ERGENEKON DAVASI (Türk Hukuk Tarihinde karanlık bir dönem)
(Türk Hukuk Tarihinde karanlık bir dönem)
Ergenekon Destanı’nı hepimiz biliriz. “ Göktürklerin yeniden doğuşuna ilişkin hikaye”dir. Yine kısaca “İl han komutanlığında Moğollara karşı açılan savaşta ağır bir yenilgi alınır. Bu savaşta büyüklerin hepsi kılıçtan geçirilir. Küçük çocuklar ise esir edilir. Esirler arasında İl Kağan’ın oğlu Kayı ve dokuz yeğeni olan Dokuz Oğuz sağ kalmıştır. Bir süre esir tutuldukları yerden eşleriyle birlikte kaçarak hiç kimsenin ulaşamayacağı Ergenekon adını verdikleri verimli topraklara ulaştılar. Dörtyüzyıl boyunca bu topraklarda yaşayıp çoğaldılar. O kadar ki artık Ergenokon’a sığmaz oldular. Toplanan kurultayda çıkan kararla Ergenekon’dan çıkma kararı verdiler. Tam bu sırada Bozkurt görüldü. Anladılar ki bu bozkurt onlara yolu gösterecekti. Onun önderliğinde karşılarına çıkan herkesle savaşıp herkesi yendiler.
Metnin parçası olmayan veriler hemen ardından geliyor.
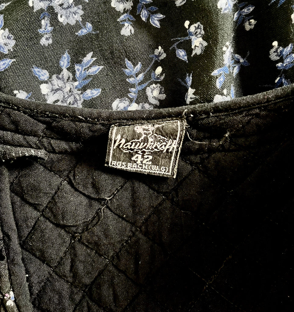 A beautifully rare 1970s cotton dress bursting with floral charm. Crafted from 100% cotton, it features a quilted bodice and a flowing skirt in inky navy adorned with delicate purple ditsy blooms. The fitted bodice contrasts with the skirt’s generous sweep, creating a free-spirited, bohemian silhouette. Complete with its original label intact, this timeless piece is a true vintage treasure.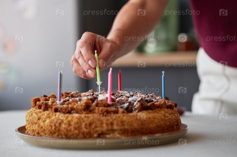 Женщина среднего возраста ставит свечу на рождественский торт в помещении

Böylece atalarının öçlerini almış oldular.”
Ergenekon diyince Türkiye yaşayanı bu destanı bilir anlatırdı… 2008 yılında Türkiye gündemine; ‘Devletin güvenlik güçleri içerisinde örgütlendiği bünyesinde asker, polis, gazeteci, akademisyen üyelerinin olduğu iddia edilen (Ergenekon Örgütü) girdi.’ Bu örgüt için 2003-2004 yıollarında AKP Hükümetini devirmeye yönelik darbe planı- Danıştay saldırısı- Zirve yayın ev katliamı- Suikast Planı iddiaları yer almıştır. İlk soruşturma 20 Ekim 2008’de Silivri Cezaevindeki duruşma salonunda görülmüş 400 civarındaki sanık Ergenekon üyesi olarak suçlanmıştır.
Bu suçlama ta ki 21 Nisan 2016’da ‘2000’li yıllarda Türkiye’de faaliyet gösterdiği ileri sürülen gizli silahlı örgüt ergenekon’ Yargıtay kararı ile usul ve esas yönünden bozulmuştur. Bu dava o kadar ilginçtir ki; lider kadrosu 70 yaşında, lideri 75 yaşında olan dünyanın ilk ve tek örgütüydü Ergenekon. Yine bu dava dünya hukuk tarihinde bir kadının erkek cezaevinde tutuklu yargılandığı ilk ve tek davaydı. Dünya basın tarihine girmiş 2,5 milyondan fazla habere konu olan yine tek davaydı. Acı olan ne yazıkki hepimizin gözünün önünde olan bir davaydı…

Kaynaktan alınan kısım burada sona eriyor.